Волна стыда залила щеки Свидерского, и он юркнул в кресло. Вот будет номер, если кто-нибудь, проходя мимо окон, увидит парящего под потолком главного инженера! Он закурил. Подровнял и сложил бумаги в стопку. Шабалов, смущенно кашлянув, вынужден был прервать молчание:
— Я недооценил вас, простите. Но тогда мне тем более непонятно, как может в вас сочетаться это… И это… — Арт плавно махнул рукой вверх, потом широким жестом обвел кабинет. — Всю жизнь бороться с таким талантищем!
Он сокрушенно вздохнул и повернулся к двери.
— Постойте, — позвал Свидерский. — Передайте в вашем времени, что мы здесь тоже стараемся, хоть и не все умеем. И давайте я вам пропуск отмечу.
— Да что вы, какой пропуск? — Арт пожал плечами и вышел из кабинета через запертую дверь.
Свидерский прислушался, поглядел ему вслед, нервно потушил сигарету. Где же знать тому, кто сегодня еще не родился, что у главного инженера почти атрофировалось умение летать? Это здесь, в кабинете, фокус пока удается. Привык к стенам. Как птица к клетке. Как белка к колесу. А на природе, сколько ни пробовал, ничего больше не получается, только ахиллесовы сухожилия растянул. Потому что кончился Свидерский. Отлетался! Шестьдесят три годика как-никак, из коих добрых полсотни лет отдано заводу. Судите-рядите, люди, а и впрямь сгорел на работе…
Юрий Петрович пригладил прилипшие к темечку волосы — блеснула под люстрой известная по портретам всему району чуть асимметричная, но вполне добропорядочная лысина. Нажал кнопку связи.
— Слушаю, Юрий Петрович, — немедленно отозвалась секретарша.
Вот. Еще слушают. Еще заглядывают в рот. А тайком уже присматриваются к работникам с иными задатками. Уже, наверное, и пальто надела, ждет не дождется убежать…
— Сегодняшнюю почту завтра подпишу. Можете быть свободны.
И совсем тихо, уже отпустив кнопку:
— Устал…
Он нащупал в кармане ключ, открыл замок, выдвинул ящик, тупо уставился на шевелящийся, едва различимый комок паутины, истекающий терпким сизым дымком. Вместе с газетой испарялся почему-то и текст главковского письма, по которому катался комок.
К своему удивлению, Юрий Петрович не кинулся спасать письмо из главка. Он вяло уставился на выцветающие буквы, дождался полного побеления листа, с треском захлопнул ящик. Потом обошел кабинет, плотно задраил шторы, запер дверь. Хотел тут же взмыть, вытянулся в струнку, но передумал.

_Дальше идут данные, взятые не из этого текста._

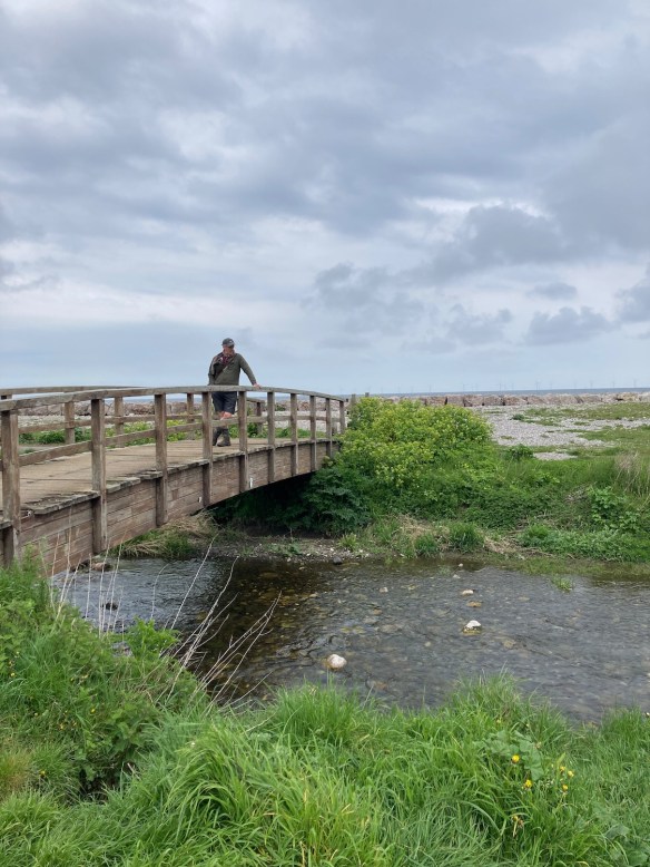 The path continues as expected along the shore but instead of tramping along the concrete sea wall we opt for the grassy bank that runs parallel. Over to the left a seemingly unending row of caravans stretch out into the distance. It is chilly as you can see – gloves and hat in April.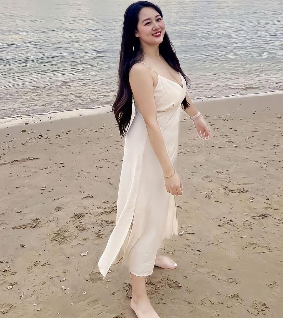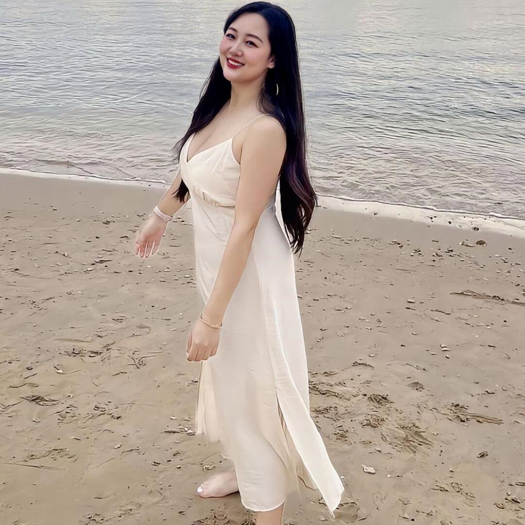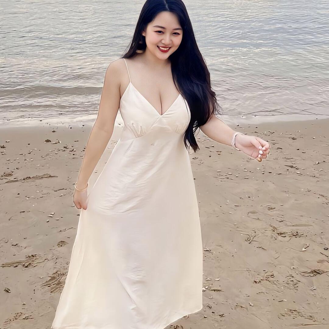 海滩甜妹,奶白缎面吊带裙,温柔纯欲氛围感拉满温柔风吊带长裙甜酷吊带裙纯欲白吊

— Хватит на сегодня. Поберечь себя надо. На самый последний в жизни полет.
На миг показалось, великое умение иссякло, он разучился летать, никогда не оторвется от земли. Минут пять Юрий Петрович не шевелился, прислушиваясь к себе. Вспомнит тело или не вспомнит? Поднимется или останется прикованным к зеркалу паркета, к ковру? Панический холодок бежал по жилам, и жжение под ложечкой разрасталось до катастрофы.
Неужели? Никогда? Никогда-никогда? Не полетит?!!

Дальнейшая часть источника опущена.